I don't see anything wrong with this. What's the harm in trying. even if they only sell one, they will be laughing all the way to the bank.


----------



## Mankini (Dec 24, 2015)

punk.


----------



## Mankini (Dec 24, 2015)

NOT FUCKING PUNK!!!!!!!!!!!!


----------



## Mankini (Dec 24, 2015)

Unsure of Punk creds on this one.


----------



## nomad89 (Dec 24, 2015)

roguetrader said:


> If its real punks selling this couch I don't know what to think.... Are they cool for finding an easy money maker or are they fools for commercialising punk even more than it already is ? can't decide....




Yeah I feel ya. Maybe I've wasted so much time sewing the crotch of my pants so I don't have to get a new pair, maybe if I spent that time making some bullshit like this. I don't know, whether it sells or not it's pretty rediculous.


----------



## Mankini (Dec 24, 2015)




----------



## Mankini (Dec 24, 2015)




----------



## roguetrader (Dec 24, 2015)

looks like christmas come early for @voodoochile76 !


----------



## Mankini (Dec 24, 2015)

nomad89 said:


> Yeah I feel ya. Maybe I've wasted so much time sewing the crotch of my pants so I don't have to get a new pair, maybe if I spent that time making some bullshit like this. I don't know, whether it sells or not it's pretty rediculous.


Ha! you said "crotch". heh


----------



## Mankini (Dec 24, 2015)

roguetrader said:


> looks like christmas come early for @voodoochile76 !

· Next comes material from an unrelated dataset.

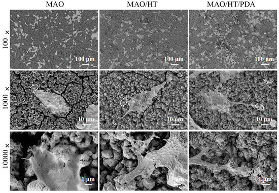 Morphologies of MC3T3-E1 after cultured on MAO, MAO/HT, and MAO/HT/PDA coatings for 2 days. The high-resolution images represent the amplification of the dotted area in the corresponding low resolution images.

celine, in a 1992 interview, said " ozzie's not the only one who can rock leather pants!"


----------



## Kim Chee (Dec 24, 2015)

Ok, you guys are getting way off topic even though your discussion might be slightly entertaining. The OP posted about a couch on Etsy emblazoned with all sorts of punk band patches. Kindly stay on topic.


----------



## Art101 (Dec 24, 2015)

Lol I loved some of the other items.Like the urinal drinking water fountain.


----------



## MolotovMocktail (Dec 25, 2015)

voodoochile76 said:


> View attachment 27627
> 
> 
> Unsure of Punk creds on this one.


I would love to see someone cut the sleeves off this thing and cover it with patches. That would be fucking hardcore.


----------



## Mankini (Dec 25, 2015)

what are the quals of a _real_ punk couch?
so, we have ascertained that while Punk is a lifestyle, a mindset, and a cultural aesthetic, it has Dadaist rules and cultural origins...
i.e., Martha Stewart...Punk? or not Punk? ...Like David Allan Coe, Waylon Jennings, and Johnny Cash, she projects a certain Outlaw/Party Girl 'something'. Nancy Spungen...Martha Stewart...Patti Smith...Could they all be considered part of the same movement?


----------